Primero, el tipo de datos "tsvector" contiene no solo lexemas, sino también información sobre sus posiciones dentro del documento. Como observamos la última vez , el índice GIN no almacena esta información. Por esta razón, las operaciones para buscar frases, que aparecieron en la versión 9.6, son compatibles con el índice GIN de manera ineficiente y tienen que acceder a los datos originales para volver a verificar.

En segundo lugar, los sistemas de búsqueda generalmente devuelven los resultados ordenados por relevancia (lo que sea que eso signifique). Podemos utilizar las funciones de clasificación "ts_rank" y "ts_rank_cd" para este fin, pero deben calcularse para cada fila del resultado, lo que sin duda es lento.

Para una primera aproximación, el método de acceso RUM puede considerarse como GIN que además almacena información de posición y puede devolver los resultados en el orden necesario (como GiST puede devolver los vecinos más cercanos). Movámonos paso a paso.

Buscando frases


Una consulta de búsqueda de texto completo puede contener operadores especiales que tengan en cuenta la distancia entre lexemas. Por ejemplo, podemos encontrar documentos en los que "mano" se separa de "muslo" con dos palabras más:

postgres=# select to_tsvector('Clap your hands, slap your thigh') @@ to_tsquery('hand <3> thigh'); 
  ?column? ---------- t (1 row) 

O podemos indicar que las palabras deben ubicarse una tras otra:

 postgres=# select to_tsvector('Clap your hands, slap your thigh') @@ to_tsquery('hand <-> slap'); 
  ?column? ---------- t (1 row) 

El índice GIN normal puede devolver los documentos que contienen ambos lexemas, pero podemos verificar la distancia entre ellos solo mirando tsvector:

 postgres=# select to_tsvector('Clap your hands, slap your thigh'); 
  to_tsvector -------------------------------------- 'clap':1 'hand':3 'slap':4 'thigh':6 (1 row) 

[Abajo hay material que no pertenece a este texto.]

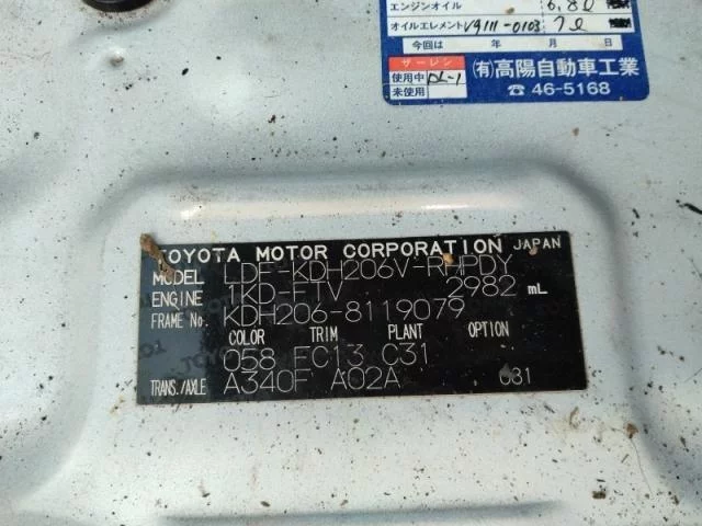 Номер кузоваKDH206V

En el índice RUM, cada lexema no solo hace referencia a las filas de la tabla: cada TID se suministra con la lista de posiciones donde se produce el lexema en el documento. Así es como podemos imaginar el índice creado en la tabla "hoja de corte", que ya nos es bastante familiar (la clase de operador "rum_tsvector_ops" se usa para tsvector por defecto):

 postgres=# create extension rum; postgres=# create index on ts using rum(doc_tsv); 




Los cuadrados grises en la figura contienen la información de posición agregada:

 postgres=# select ctid, left(doc,20), doc_tsv from ts; 
  ctid | left | doc_tsv -------+----------------------+--------------------------------------------------------- (0,1) | Can a sheet slitter | 'sheet':3,6 'slit':5 'slitter':4 (0,2) | How many sheets coul | 'could':4 'mani':2 'sheet':3,6 'slit':8 'slitter':7 (0,3) | I slit a sheet, a sh | 'sheet':4,6 'slit':2,8 (1,1) | Upon a slitted sheet | 'sheet':4 'sit':6 'slit':3 'upon':1 (1,2) | Whoever slit the she | 'good':7 'sheet':4,8 'slit':2 'slitter':9 'whoever':1 (1,3) | I am a sheet slitter | 'sheet':4 'slitter':5 (2,1) | I slit sheets. | 'sheet':3 'slit':2 (2,2) | I am the sleekest sh | 'ever':8 'sheet':5,10 'sleekest':4 'slit':9 'slitter':6 (2,3) | She slits the sheet | 'sheet':4 'sit':6 'slit':2 (9 rows) 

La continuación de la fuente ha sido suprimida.